Who remembers this…….
It was March 17, 1970. St. Patrick's Day. A routine shuttle flight from Newark to Boston. 73 people on board.
Back then, airline shuttle flights worked like a bus. No reservations. No security screening. No boarding pass. You walked on and paid the fare in-flight. A flight attendant would come around after takeoff to collect the fare from each passenger.
Twenty minutes in, the attendant reached passenger John Divivo. He said he had no money. Then he pulled a .38 revolver and demanded to be taken to the cockpit.
He told Captain Robert Wilbur to fly east over the ocean. Then said: "Let me know when we're two or three minutes from running out of fuel."
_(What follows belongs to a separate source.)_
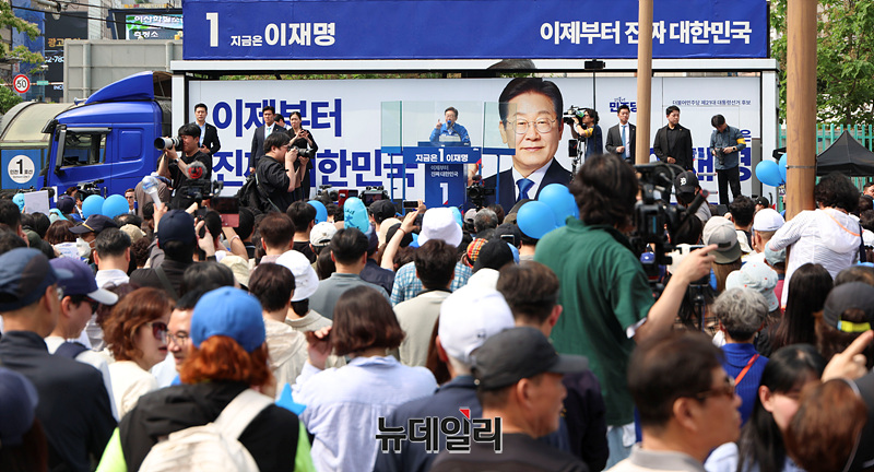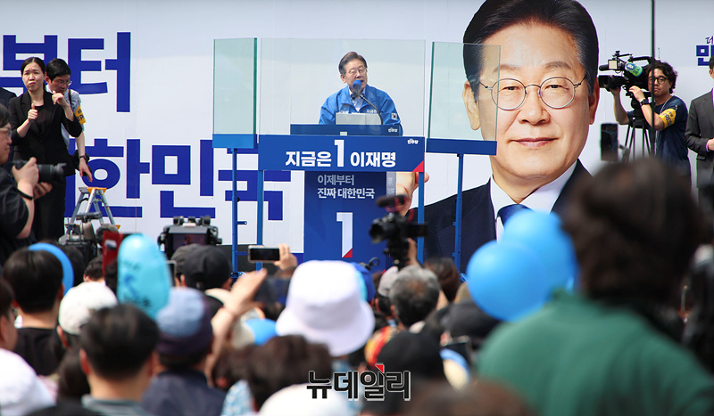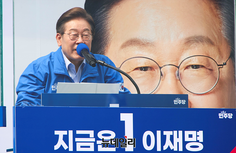 인천 지역에서 유세를 이어가는 이재명 더불어민주당 대선 후보가 21일 오전 인천 부평구 부평역 북광장에서 열린 유세현장에서 지지를 호소하고 있다. (인천=서성진 기자)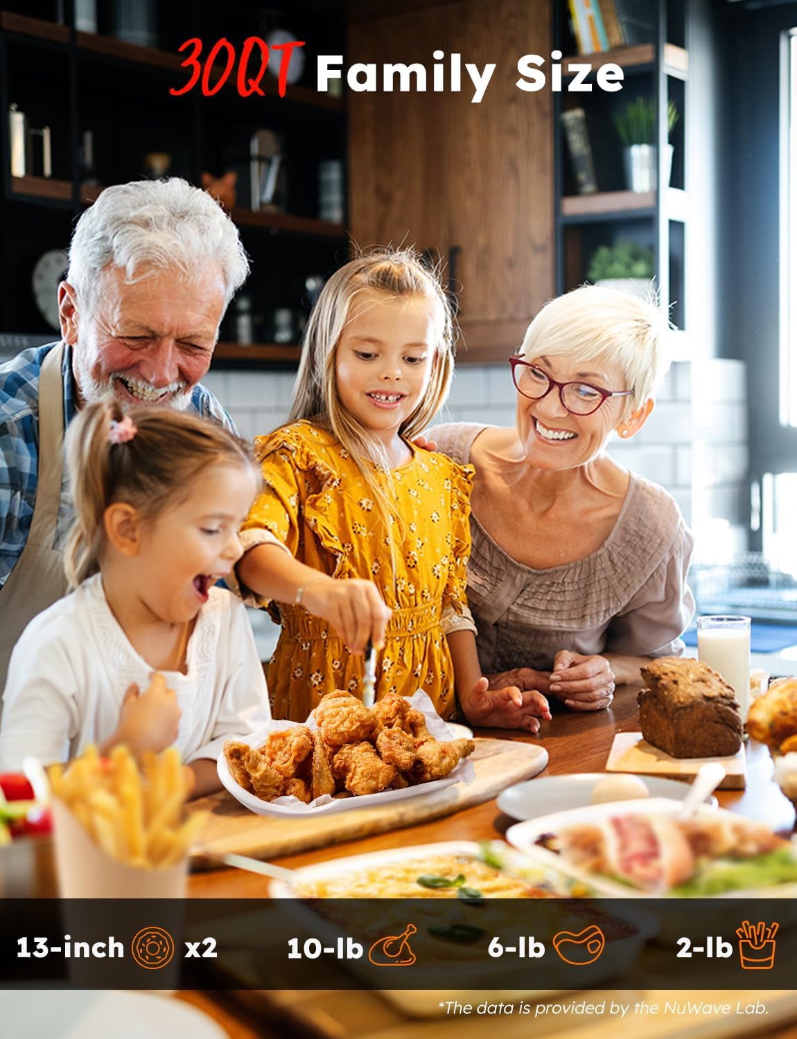 2X MORE EVEN: This Air Fryer Toaster Oven utilizes the latest 2025 upgraded Ultra-Fast Convection System, combined with top and bottom heating elements, virtually eliminating temperature variations even when cooking on multiple racks. Compared to other brands, Nuwave offers twice the uniformity and efficiency. Save you both time and energy.

He wanted to kill everyone on board.
First Officer James Hartley, 30, quietly signaled a hijacking to air traffic control. Then, without warning, Divivo opened fire. Hartley was hit in the chest. Then Divivo turned the gun on the captain, hitting him in both arms.
Hartley, bleeding and dying, lunged at Divivo. Ripped the gun from his hands. Shot the hijacker three times. Then collapsed.
But Divivo got back up. Shot three times and still moving, he began clawing at Wilbur, trying to push the controls forward and crash the plane. Wilbur grabbed the gun and hit him over the head.
With a bullet in each arm, Wilbur flew the DC-9 to a safe landing at Boston Logan. He radioed the tower: "My pilot is down. Where do you want me to park this thing?"
He never told them he was shot too.
72 passengers walked off that plane alive. Co-pilot James Hartley did not. His sacrifice saved every one of them.
This was the first hijacking in U.S. history to end with a death. Before this incident, passengers could walk onto planes with no screening at all. Two days after the hijacking, U.S. Transportation Secretary John Volpe held congressional hearings to discuss new security measures. This led to metal detectors being deployed at airports and the beginning of passenger screening as we know it.
Pictured: Captain Robert Wilbur Jr. (left) and First Officer James Hartley (right).